═════ ENTRIES SUPPLIED ═════
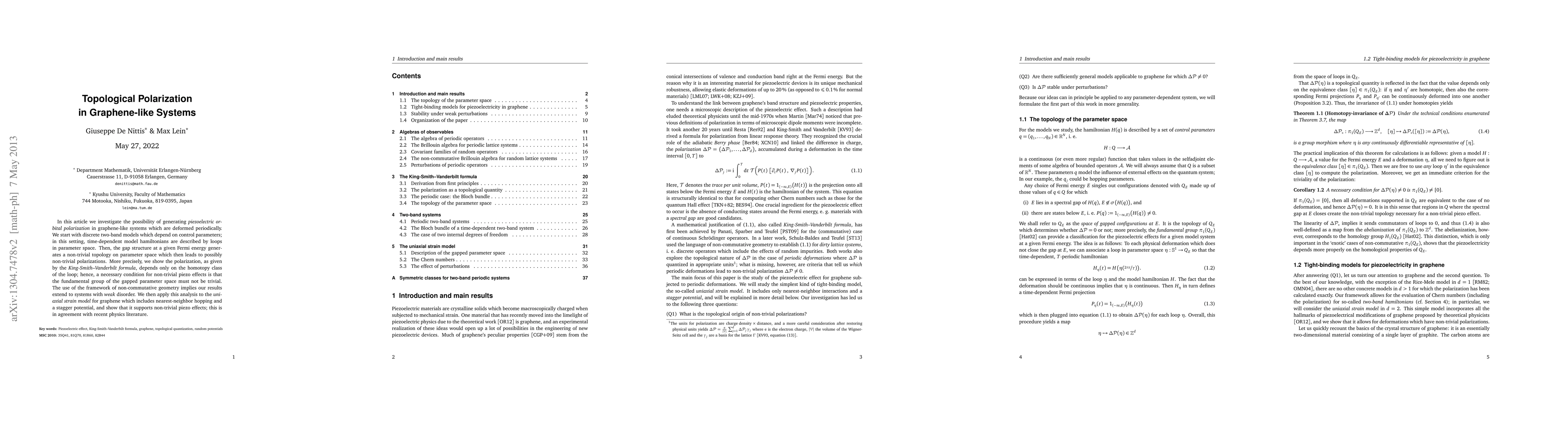 Researchers explore piezoelectric properties in graphene-like systems under periodic deformation, finding a condition for non-trivial polarization based on the fundamental group of parameter space.
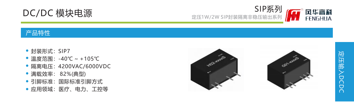 產品特性:封裝形式:SIP7溫度范圍:-40℃~+105℃隔離電壓:4200VAC/6000VDC滿載效率::82%(典型)引腳標準:國際標準引腳方式應用領域:醫療、電力、工控等
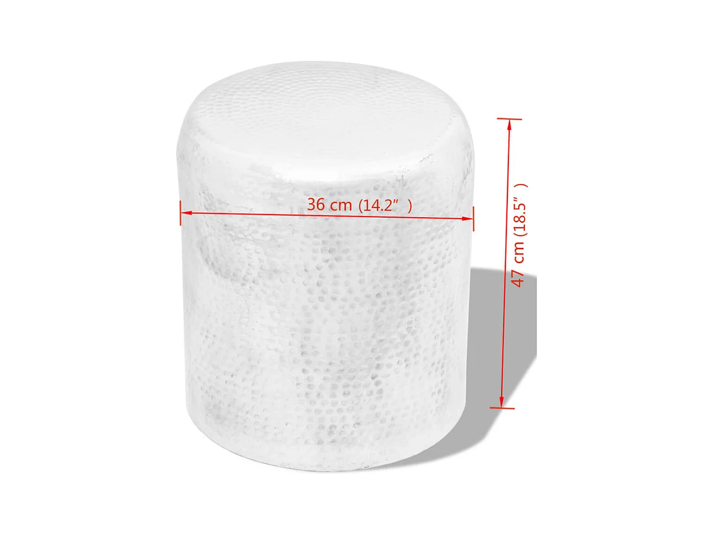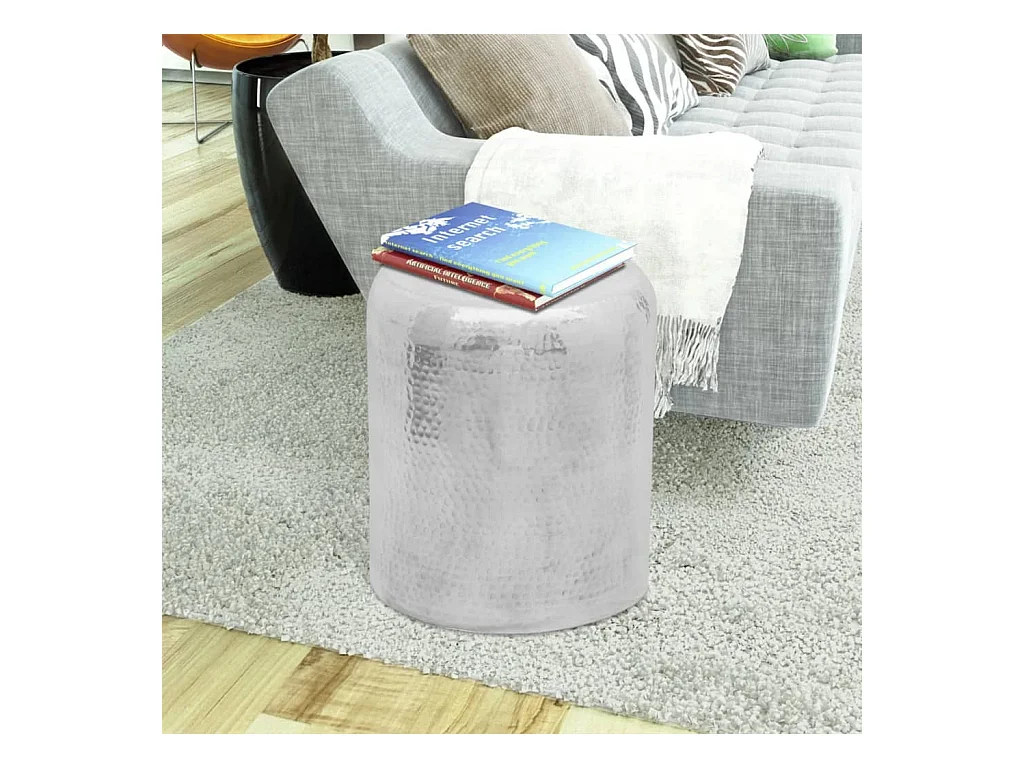 Table basse 62x33 cm ronde argent aluminium martelé artisanal pièce unique orientale support d’appoint café salon canapé meuble lounge déco intérieur
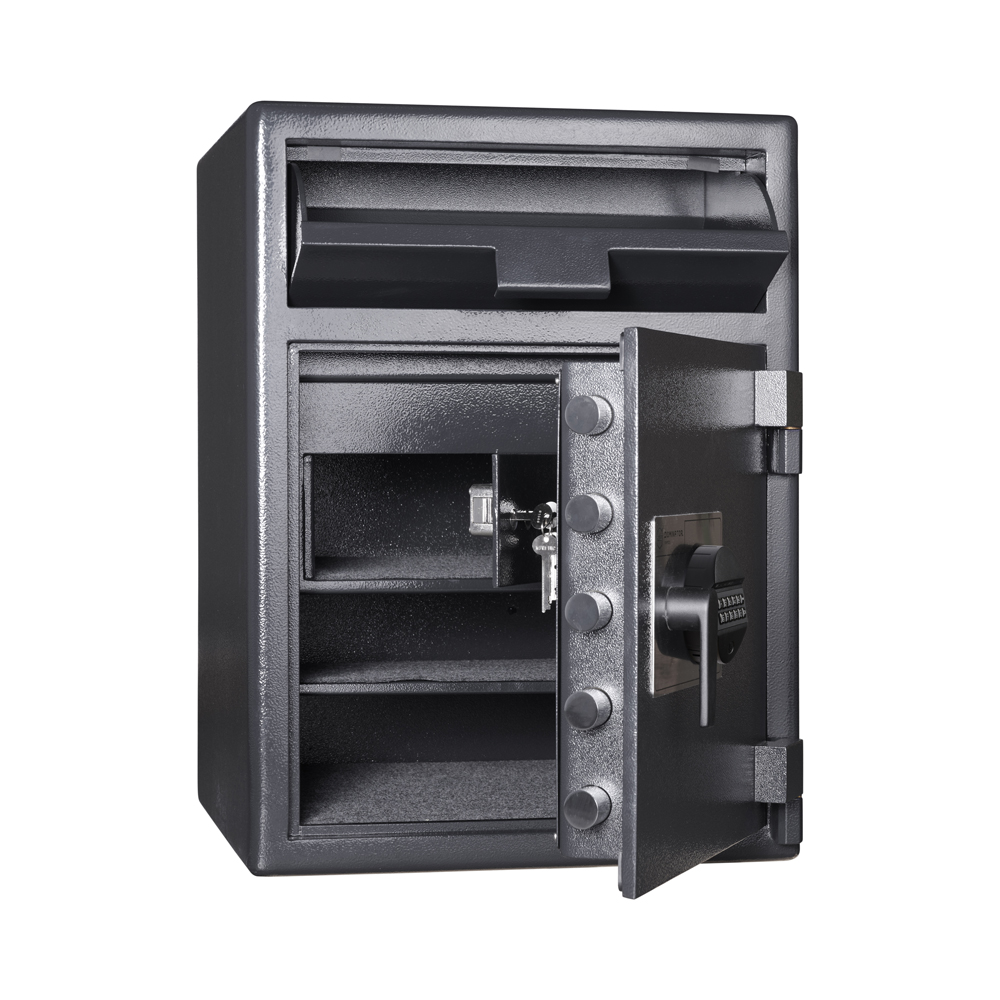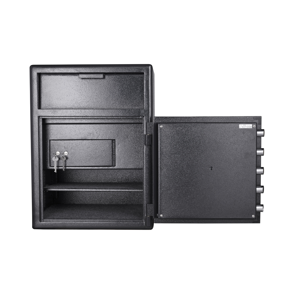 With the addition of the internal key lockable secure deposit compartment, the DD-3 caters for more sophisticated cash management requirements by offering 3 levels of access to the safe. Dual keying ensures that a master key holder needs to be present in order to open the internal compartment that holds all deposited valuables. Along with the increase in overall size and storage capacity, the DD-3 offers more value and flexibility than any other safe in the series.
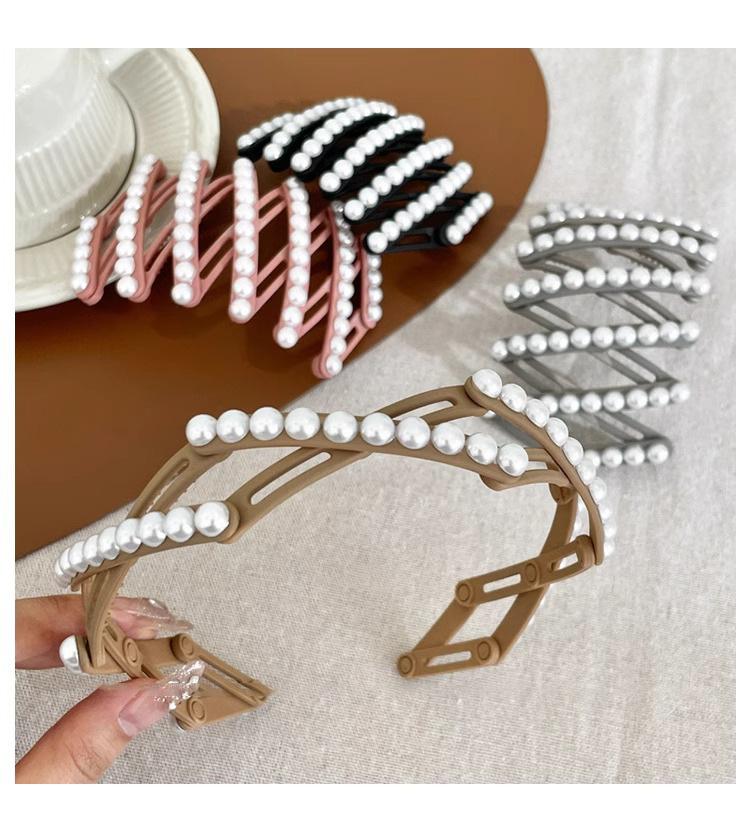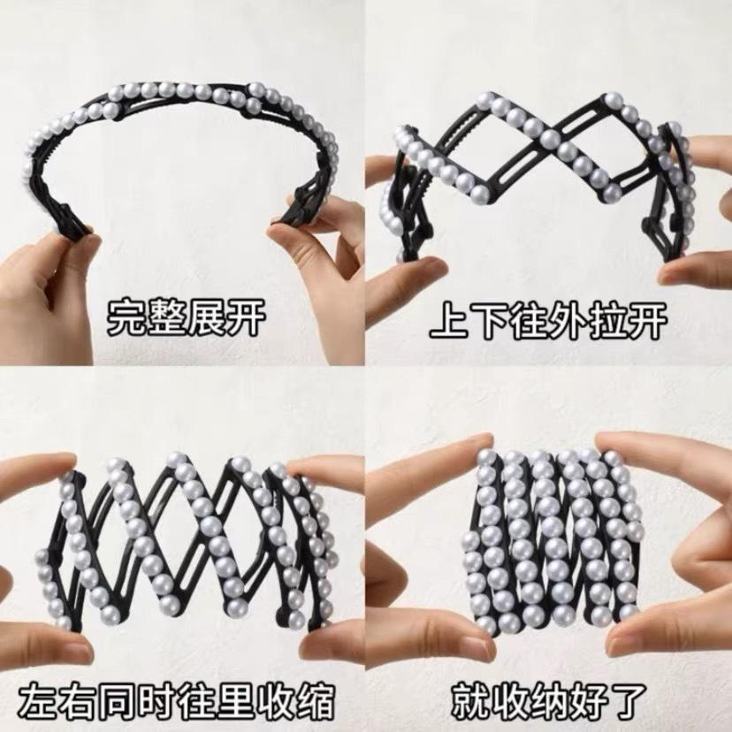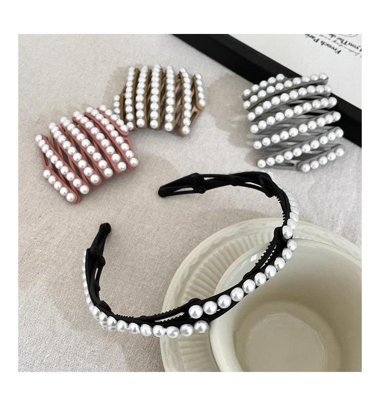 Diadema plegable de perlas para mujer, accesorio para el cabello que combina con todo, ideal para el verano, para lavarse la cara y para la cabeza, con sello de presión superior de alta presión craneal.
═════
**EXERCISE DIRECTIONS**.
Print from the line containing "Table basse 62x33" through the line containing "With the addition" in the data above, exactly as the lines stand, and omit every picture.

**OUTPUT FOR THIS EXERCISE**.
 Table basse 62x33 cm ronde argent aluminium martelé artisanal pièce unique orientale support d’appoint café salon canapé meuble lounge déco intérieur
 With the addition of the internal key lockable secure deposit compartment, the DD-3 caters for more sophisticated cash management requirements by offering 3 levels of access to the safe. Dual keying ensures that a master key holder needs to be present in order to open the internal compartment that holds all deposited valuables. Along with the increase in overall size and storage capacity, the DD-3 offers more value and flexibility than any other safe in the series.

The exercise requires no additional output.